--- Task prompt ---
Your copy should repeat each record exactly and contain none of the pictures.

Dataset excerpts
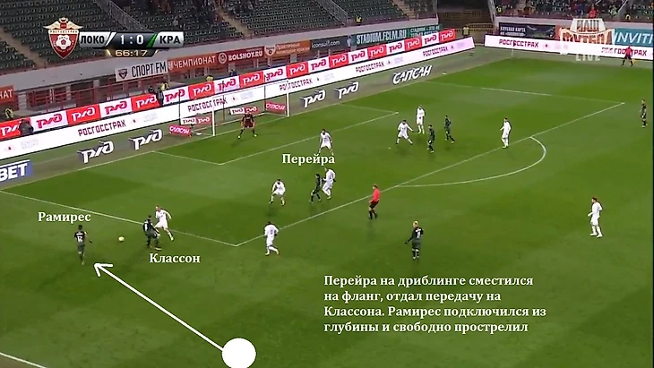 Одно из главных оружий «Краснодара» - это игроки, которые хороши в дриблинге. Перейра, Смолов, Классон и Вандерсон. В следующем моменте Перейра на дриблинге прошёл через центр, стянул на себя трёх игроков и отдал передачу на Классона. Тот, в свою очередь, заметил подключение Рамиреса и отдал мяч партнёру, который без помех прострелил в штрафную на всё того же Перейру. Акцентированным ударом момент не завершился – мелочи жизни.
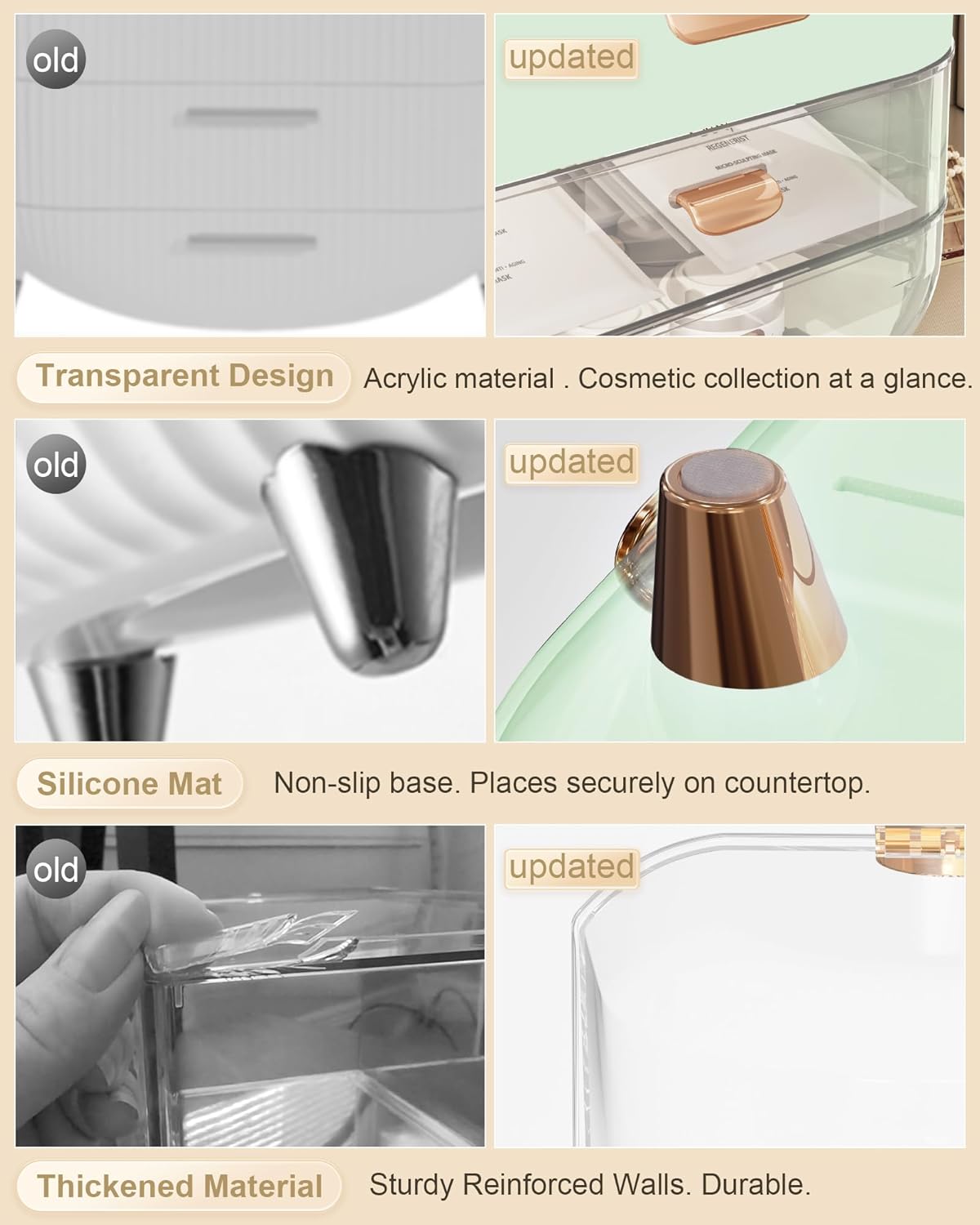 - ăThickened Material & Non-slipăReinforced and upgraded handle won't fall off. Easily move the skin care organizer to anywhere. The countertop organizer is made of thickened ABS material, which is stronger and more durable than normal ones. Drawer and clear top are able to open and close easily. Rubberized bottom, non-slip and won't scratch desktop.
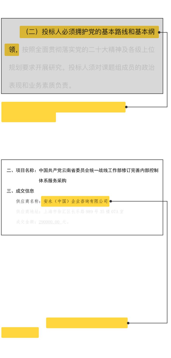 安永签署的一份合同涉及为中共统战部在云南省的一个地区办事处优化行政程序。统战部是中共管理国内少数民族和宗教团体的一个机构,还负责开展一些文化推广等不太敏感的活动。
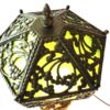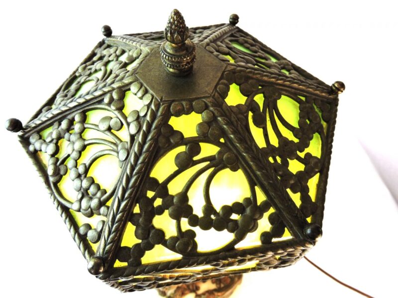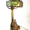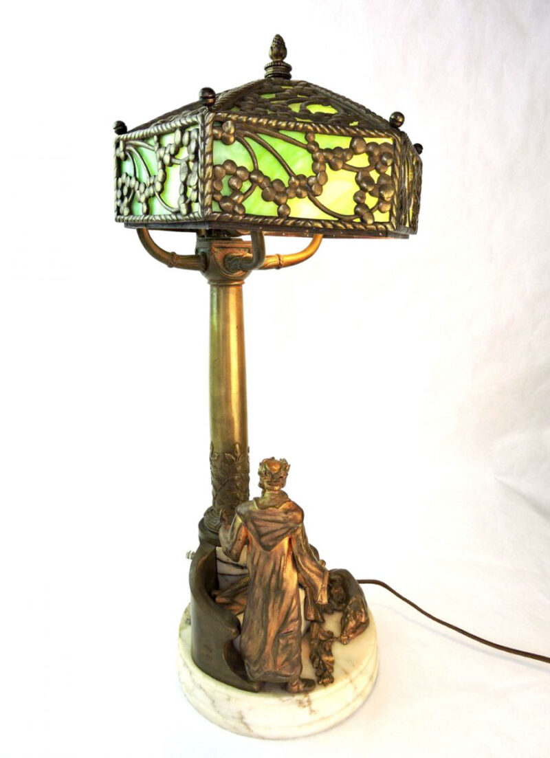 v** SOLD ARCHIVES **vHere is a Viennese bronze and white marble Orientalist figural multi-branch lamp with a patterned bronze and green slag glass shade.
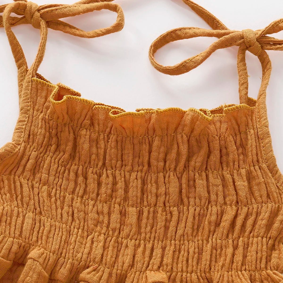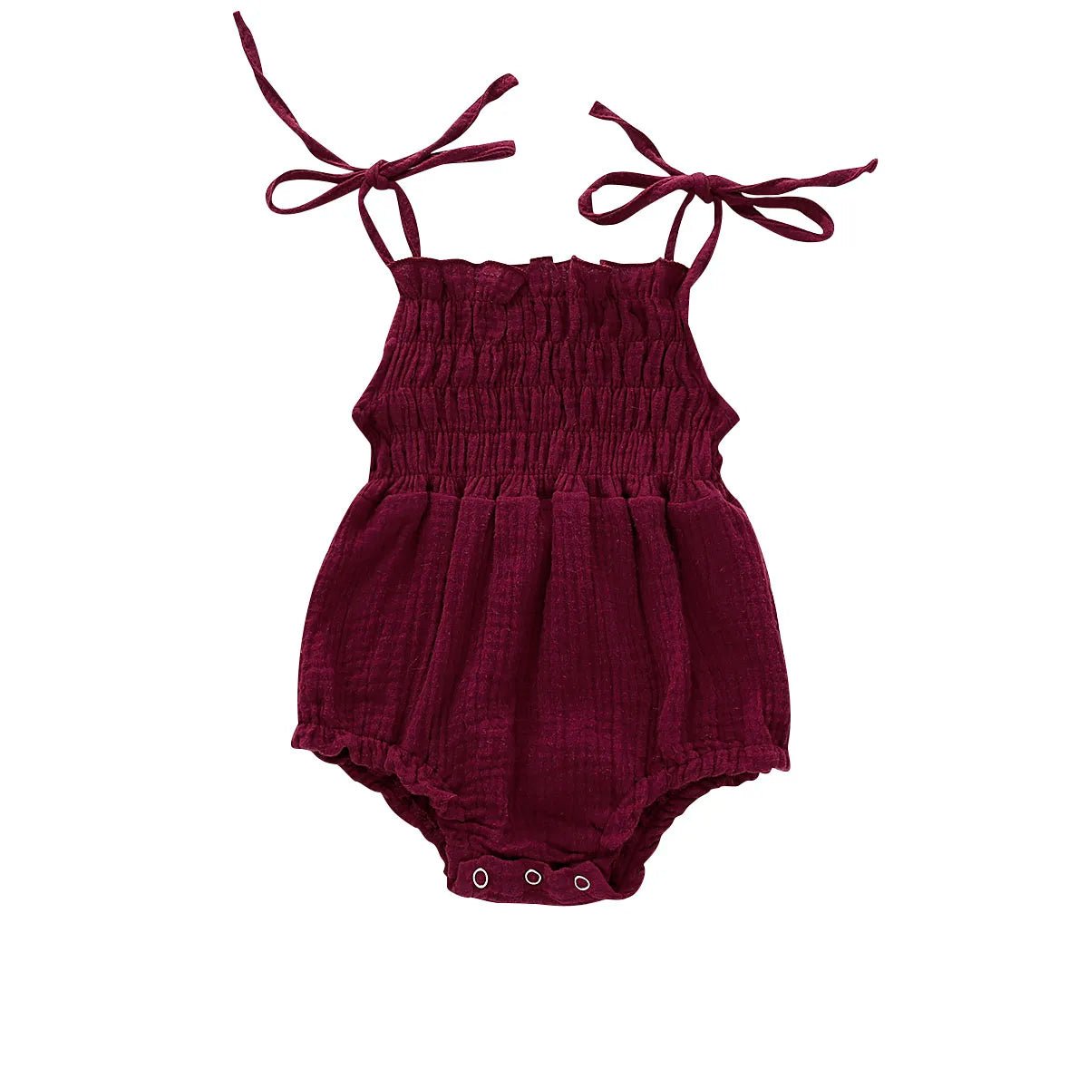 This Ruched Bubble Romper combines fashion and comfort for your little one. The ruched bodice and tie shoulder detail add trendy style while the soft muslin-like material provides ultimate comfort. Perfect for babies and toddlers, this romper is a must-have for any stylish and practical wardrobe.
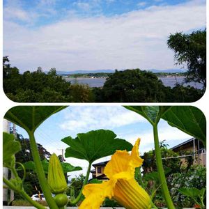 朝の雨も上がり ラッキー散歩に出かけました🎶 湖&空 垣根の上まで伸びて咲いたカボチャ🎃の花
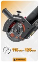 Akcesorium współpracuje z większością szlifierek kątowych o tarczach 115–125 mm oraz kołnierzu do 51 mm, pasując do większości urządzeń.
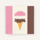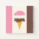 Neapolitane Eistüte in Erdbeere, Vanille und Schokoladengeschmack. Auf den Seiten dieses individuell gestalteten Notebooks mit rosa, creme und schokoladenbraunen, neapolitanischen Streifen. Es ist ein süßes Design für jeden, der Lieben, Eis zu essen!

--- Task result ---
 Одно из главных оружий «Краснодара» - это игроки, которые хороши в дриблинге. Перейра, Смолов, Классон и Вандерсон. В следующем моменте Перейра на дриблинге прошёл через центр, стянул на себя трёх игроков и отдал передачу на Классона. Тот, в свою очередь, заметил подключение Рамиреса и отдал мяч партнёру, который без помех прострелил в штрафную на всё того же Перейру. Акцентированным ударом момент не завершился – мелочи жизни.
 - ăThickened Material & Non-slipăReinforced and upgraded handle won't fall off. Easily move the skin care organizer to anywhere. The countertop organizer is made of thickened ABS material, which is stronger and more durable than normal ones. Drawer and clear top are able to open and close easily. Rubberized bottom, non-slip and won't scratch desktop.
 安永签署的一份合同涉及为中共统战部在云南省的一个地区办事处优化行政程序。统战部是中共管理国内少数民族和宗教团体的一个机构,还负责开展一些文化推广等不太敏感的活动。
 v** SOLD ARCHIVES **vHere is a Viennese bronze and white marble Orientalist figural multi-branch lamp with a patterned bronze and green slag glass shade.
 This Ruched Bubble Romper combines fashion and comfort for your little one. The ruched bodice and tie shoulder detail add trendy style while the soft muslin-like material provides ultimate comfort. Perfect for babies and toddlers, this romper is a must-have for any stylish and practical wardrobe.
 朝の雨も上がり ラッキー散歩に出かけました🎶 湖&空 垣根の上まで伸びて咲いたカボチャ🎃の花
 Akcesorium współpracuje z większością szlifierek kątowych o tarczach 115–125 mm oraz kołnierzu do 51 mm, pasując do większości urządzeń.
 Neapolitane Eistüte in Erdbeere, Vanille und Schokoladengeschmack. Auf den Seiten dieses individuell gestalteten Notebooks mit rosa, creme und schokoladenbraunen, neapolitanischen Streifen. Es ist ein süßes Design für jeden, der Lieben, Eis zu essen!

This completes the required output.